Las leyes y las normas generalmente son el resultado de un proceso evolutivo. Las costumbres se convierten en tradiciones que, a su vez, en cierto momento adquieren la estructura de un código formal. Tal vez por ello Dios entregó la Torá en el desierto, lugar en el cual no podía haber ese cúmulo de experiencias que luego fueron plasmadas en un documento legal. O sea que la Torá no es el resultado de las experiencias históricas de una sociedad, sino la expresa voluntad de Dios.

La causa y razón del tradicional sentimiento de solidaridad que existe entre los integrantes del pueblo hebreo –hecho que ha seguido vigente a través de la historia hasta el presente– tiene sus raíces en la experiencia común de la esclavitud, donde el capataz egipcio era el enemigo común.

De manera similar, el ambiente hostil del desierto, la falta de agua y la amenaza constante de los diferentes grupos violentos que allí habitaban, obligó al hebreo a unir filas con el prójimo, a superar las diferencias debido al peligro que amenazaba por igual a todos. El censo sirvió para identificar el número de varones disponibles para la defensa y los diferentes trabajos, pero sobre todo permitió que aflorara un mayor sentimiento de solidaridad entre los hebreos.

Más allá del peligro común y el destino compartido en el desierto, se creó la unidad en el seno del pueblo a través de la enseñanza de la Torá que compartían y el comportamiento que ello implica. Así interpreta Rashí el versículo que reza Vayijan en lugar de Vayajanú, el singular en lugar del plural, para destacar que cuando los hebreos acamparon al pie del

Sinaí, el pueblo se sintió unido como uno solo, en el singular, porque tomaron conciencia de su futuro común.

EL LIDERAZGO IMPONE RESPONSABILIDAD

Parashá Emor

De acuerdo con la Torá, el Kohén debe regir su vida por un código más estricto que el resto de la población, debido a sus responsabilidades adicionales. Por ejemplo, sólo puede atender a un difunto en el caso de un pariente cercano, por el cual tendría luego que observar el período de Shiv’á. La ley es más estricta con el Kohén Gadol, quien debe abstenerse incluso en estos casos, con la excepción de un cadáver que nadie atiende en el campo. En este caso debe enterrar al muerto. El Kohén no puede casarse con una mujer divorciada o convertida al judaísmo. En el caso del Kohén Gadol, además de los casos mencionados, tampoco puede casarse con una viuda.

Aparentemente, las responsabilidades suelen estar acompañadas de privilegios, pero también de tareas y limitaciones. Quien ocupa un cargo de liderazgo deberá ser más mesurado con su acción y palabra.

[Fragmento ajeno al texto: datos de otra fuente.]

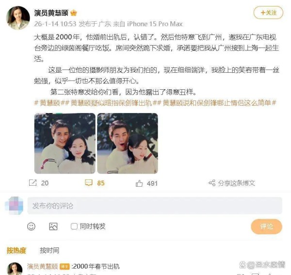 黄慧颐晒与保剑锋旧照,曝男方曾向她求婚,婚前还曾出轨,近20年沉默后首次发声
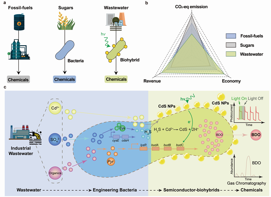 可持续开展路线是人类社会生存和开展的根本,但化工制造主要依赖于化石燃料,并持续释放CO2,环境不友好且不可持续;生物制造为化学品合成给予了一条可持续开展路线,传统糖基生物发酵生成还原力(NADH等)的过程会同时释放CO2,从而降低了化学产品的碳转化率;光能是充足的清洁能源,半导体材料-生物杂合体是将高效吸收光能的半导体与细胞工厂结合,可以直接利用光能为细胞工厂给予还原力,因此,光驱动杂合体生产化学品具有更高的理论碳转化率,在绿色生物制造领域体现出独特优势和较大的潜力,但现在缺乏低成本、环境友好型的方法规模化合成杂合体。

El comentarista Dáat Zekenim sugiere una razón singular por la cual la Torá prohibió al Kohén Gadol contraer matrimonio con una viuda. Partiendo del poder que la tradición judía atribuye al Kohén Gadol cuando pronuncia el Nombre Sagrado de Dios durante el culto del día de Yom Kipur, Dáat Zekenim ofrece una interesante especulación.

Durante su estadía en el Kódesh HaKodashim, el Kohén Gadol solía invocar diez veces el Nombre Sagrado de Dios, y tal era la efectividad de esa mención que si tenía en mente en ese momento a una persona que detestaba, la persona moría.

El poder del Kohén Gadol no tenía límite cuando el Nombre Sagrado estaba en sus labios, incluso para la acción negativa. Originalmente, el Kohén Gadol pronunciaba en voz alta el Nombre Sagrado, Nombre explícito cuya pronunciación era compleja. Dado que algunas personas aprovecharon esta oportunidad para aprender la pronunciación correcta y utilizar este conocimiento para propósitos ilícitos, se cambió el estilo y el Kohén Gadol dejó de pronunciar el Nombre en voz alta durante el servicio de Yom Kipur.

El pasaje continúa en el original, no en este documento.